Jemma Simmons leaves in broad daylight; sunshine and air and wind and leaves fluttering around her. It is the first time she has been above ground in weeks. May is the only one that sees her out.

Jemma has not seen Coulson in days, and Trip is needed on an op; Skye refused to look at her when Jemma told her that she was leaving. And Fitz—

Fitz has been awake for two weeks. But his mind is—

broken. Fractured. Ruined. And that is only what Fitz has said about himself.

There is something inherently freeing, moving about in the light. Something that makes her feel like she is okay. May does not hug her, but catches her arm and slips an envelope into her hand.

It's probably money.

Jemma Simmons leaves, and she is okay.

...

She goes first to the coast.

Her time in America has been spent on academia—university and doctorates and SHIELD. And Fitz was never a fan of the ocean; granted, neither is she, now.
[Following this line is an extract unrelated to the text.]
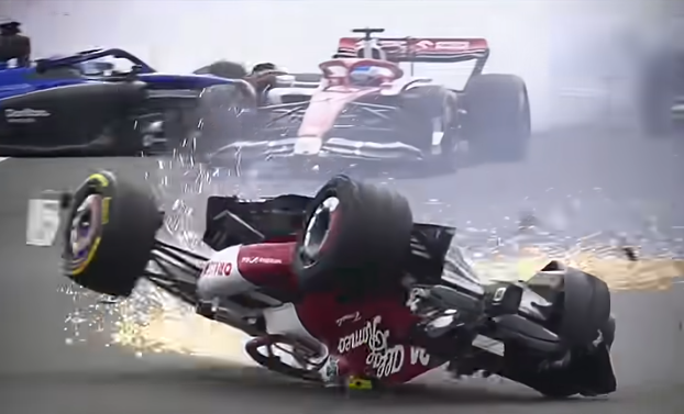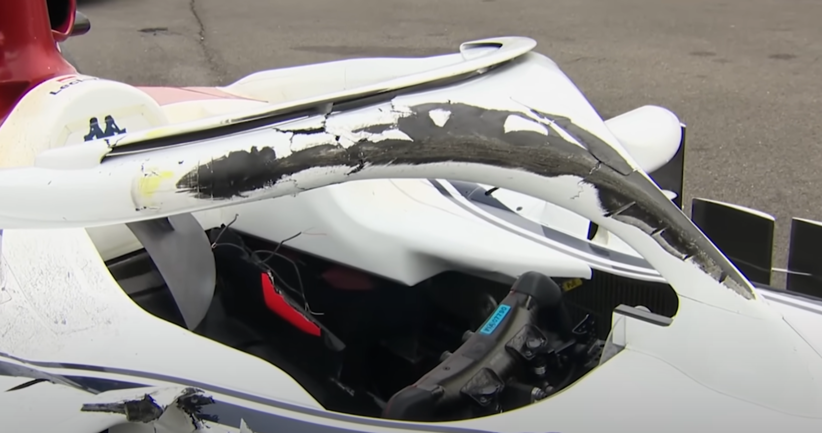 그런데 3년 전 영국 그랑프리에서는 스테이크 F1팀 킥 자우버 소속 저우관위 선수가 250km/h 이상으로 뒤집힌 채 300m를 미끄러졌는데 당시 이 롤 스트럭처가 부러진 사례가 있었습니다. 아주 다행히도 헤일로가 머리를 지탱해 상처 하나 없이 걸어나와 생존한 사례도 있었습니다.

But this is—

this was always something she wanted to do. And these past few months, Jemma thinks she may have lost sight of herself; allowed herself to become too much of Fitzsimmons. The team viewed them as a unit, a whole. That may be accurate to some degree, but—she was—she _is_ a whole unto herself.

And the beach is beautiful.

She stays clear of the water, choosing instead to lay out at the edge of the sand. She stays for an hour, only a little rosy because—well, she's British. She thinks that if she'd stayed any longer, she would have progressed to red, startlingly quickly.

She stays in a motel on the boardwalk and does not let herself think.

...

Her parents want her to come to England—to come home. But home has become such a nebulous concept to her; it should be her parents, the home in which she grew up, but instead she sees Fitz and Skye, May and Coulson, even Ward. She sees a cramped bunk with chemical formulas written on the walls, from nights when she found no sleep. She sees a lab with room for two.

So she stays in the States, stays close—

ish.

Trip calls quite a bit, to check up on her, she supposes. Coulson often hijacks the phone calls, and May will greet her when prompted in the distance. She can occasionally hear Skye in the background, and she sounds hollowed out and whole, all at once, and Jemma is afraid for her.

She never hears Fitz.

Sometimes she worries. But mostly she thinks that he is healing. Getting better.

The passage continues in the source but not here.